(EXERCISE DATA)
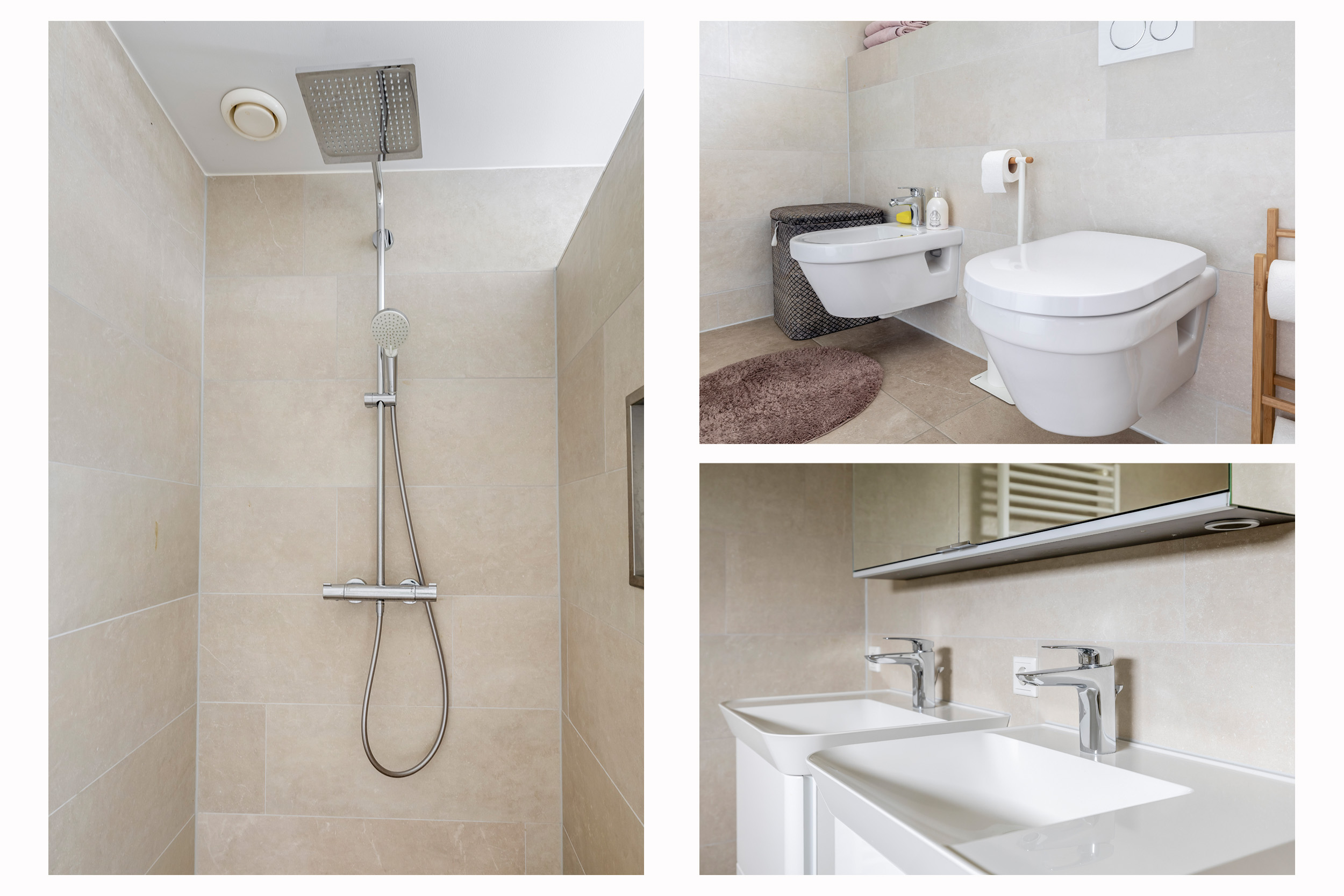 Op de tweede verdieping tref je nog 2 slaapkamers en een extra badkamer welke is voorzien van een wastafel en inloopdouche. Ook op deze verdieping is er nog extra bergruimte te vinden.
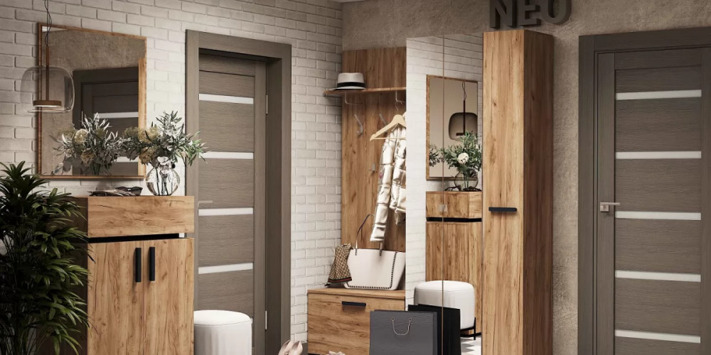 Благодаря небольшим размерам все модули коллекции NEO подойдут для организации хранения вещей даже в маленькой прихожей. Дизайн модулей отличается строгими линиями и геометричными формами, подчеркнутыми темными трапециевидными ручками. Ни одна прихожая не обходится без вешалки. Лаконичная настенная панель с полкой для головных уборов и крючками выполняет роль открытого шкафа, не занимающего много пространства в прихожей. Функциональной деталью интерьера в стиле лофт станет тумба. Простая конструкция не занимает много полезной площади и благодаря специальному отсеку организовывает удобное хранение разных вещей.
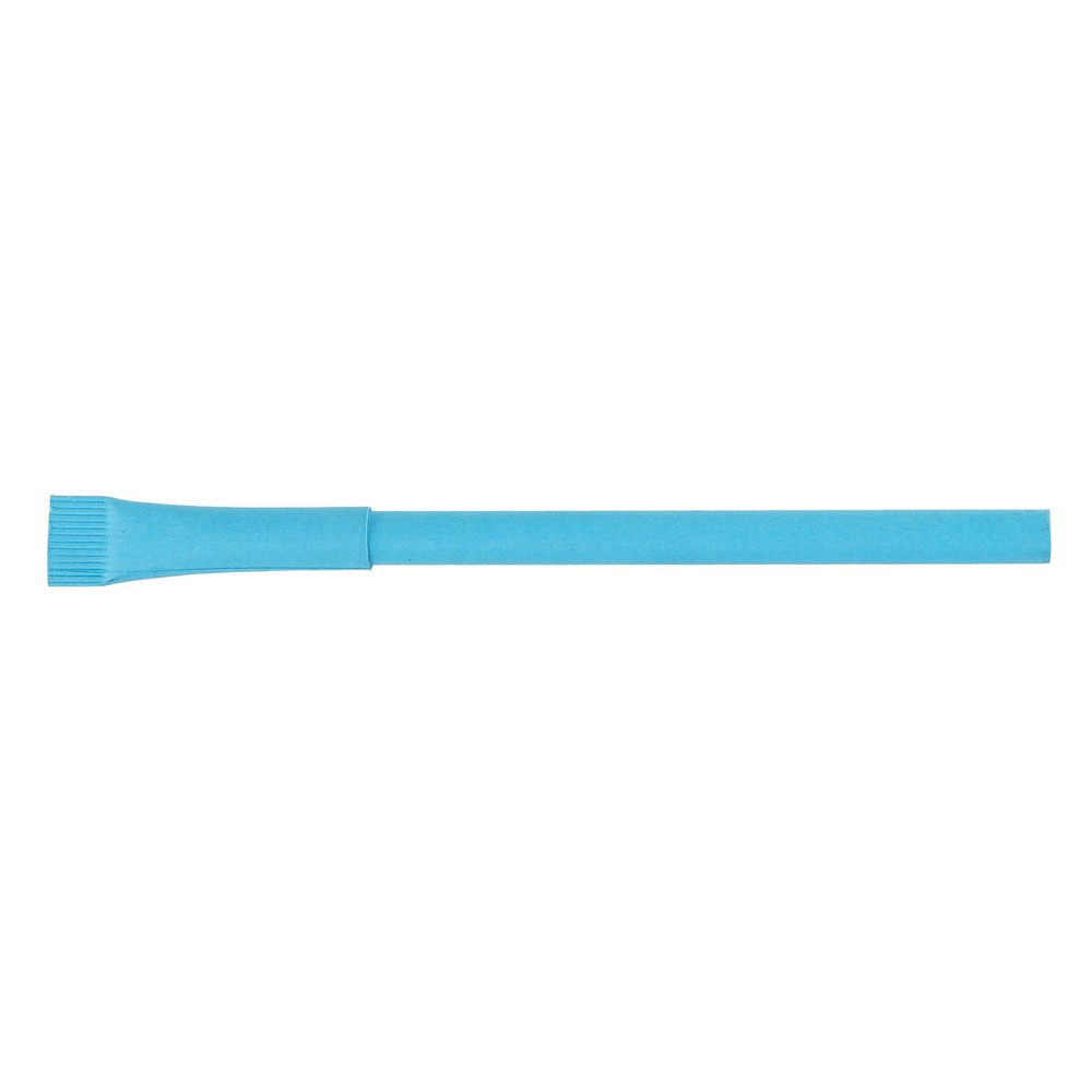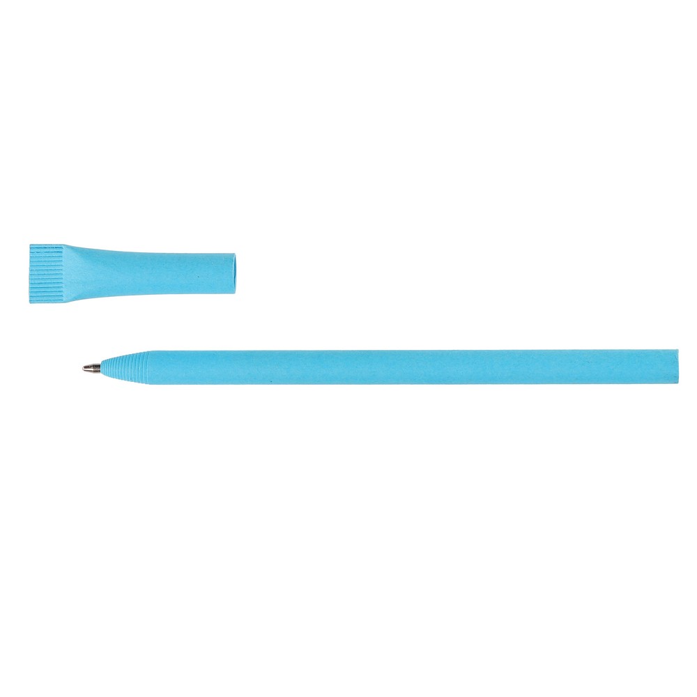 Długopis z dopasowaną kolorystycznie zatyczką, trzon z ciętym zakończeniem, wkład w niebieskim kolorze, produkt wykonany ze zrolowanego papieru
(End EXERCISE DATA)
EXERCISE AIM: Please repeat every line from the listing above exactly as it appears. Drop the pictures.

OUTPUT OF THE EXERCISE:
 Op de tweede verdieping tref je nog 2 slaapkamers en een extra badkamer welke is voorzien van een wastafel en inloopdouche. Ook op deze verdieping is er nog extra bergruimte te vinden.
 Благодаря небольшим размерам все модули коллекции NEO подойдут для организации хранения вещей даже в маленькой прихожей. Дизайн модулей отличается строгими линиями и геометричными формами, подчеркнутыми темными трапециевидными ручками. Ни одна прихожая не обходится без вешалки. Лаконичная настенная панель с полкой для головных уборов и крючками выполняет роль открытого шкафа, не занимающего много пространства в прихожей. Функциональной деталью интерьера в стиле лофт станет тумба. Простая конструкция не занимает много полезной площади и благодаря специальному отсеку организовывает удобное хранение разных вещей.
 Długopis z dopasowaną kolorystycznie zatyczką, trzon z ciętym zakończeniem, wkład w niebieskim kolorze, produkt wykonany ze zrolowanego papieru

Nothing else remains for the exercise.